- Opening Delimiter -
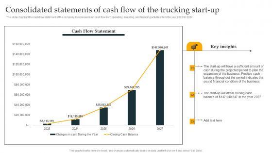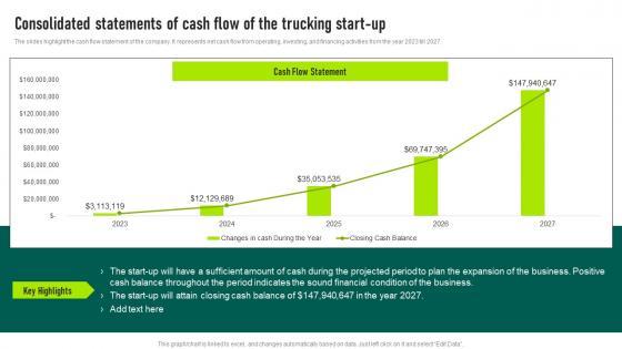 The slides highlight the cash flow statement of the company. It represents net cash flow from operating, investing, and financing activities from the year 2023 till 2027.There are so many reasons you need a Consolidated Statements Of Cash Flow Trucking Services Business Plan Infographics Pdf The first reason is you can not spend time making everything from scratch, Thus, Slidegeeks has made presentation templates for you too. You can easily download these templates from our website easily. The slides highlight the cash flow statement of the company. It represents net cash flow from operating, investing, and financing activities from the year 2023 till 2027.
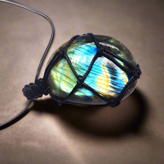 Labradorite Protection Amulet Pendant - Handwoven Net Necklace
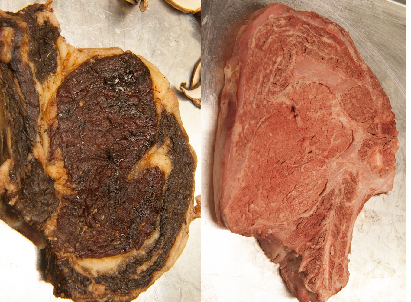 Here the differences are very obvious. Essentially, the steak is already cooked when processed in the CD, as the temperature was at 60c. Also, there was still plenty of moisture left in the interior of the CD steak. For the FD steak, colour is still very red, and preserved. Again, no cooking or oxidizing of the fat due to lower temperature and pressure.
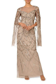 Adrianna Papell Sweetheart Boat Neck Cape Sleeves Beaded Mesh Illusion Trim Flutter Hemline Sheath Floor-Length Silhouette Dress
- Closing Delimiter -
== EXERCISE ==
Keeping pictures out, repeat exactly the lines from the one containing "Labradorite Protection Amulet" through the end of the listing.

== RESULT OF THE TASK ==
 Labradorite Protection Amulet Pendant - Handwoven Net Necklace
 Here the differences are very obvious. Essentially, the steak is already cooked when processed in the CD, as the temperature was at 60c. Also, there was still plenty of moisture left in the interior of the CD steak. For the FD steak, colour is still very red, and preserved. Again, no cooking or oxidizing of the fat due to lower temperature and pressure.
 Adrianna Papell Sweetheart Boat Neck Cape Sleeves Beaded Mesh Illusion Trim Flutter Hemline Sheath Floor-Length Silhouette Dress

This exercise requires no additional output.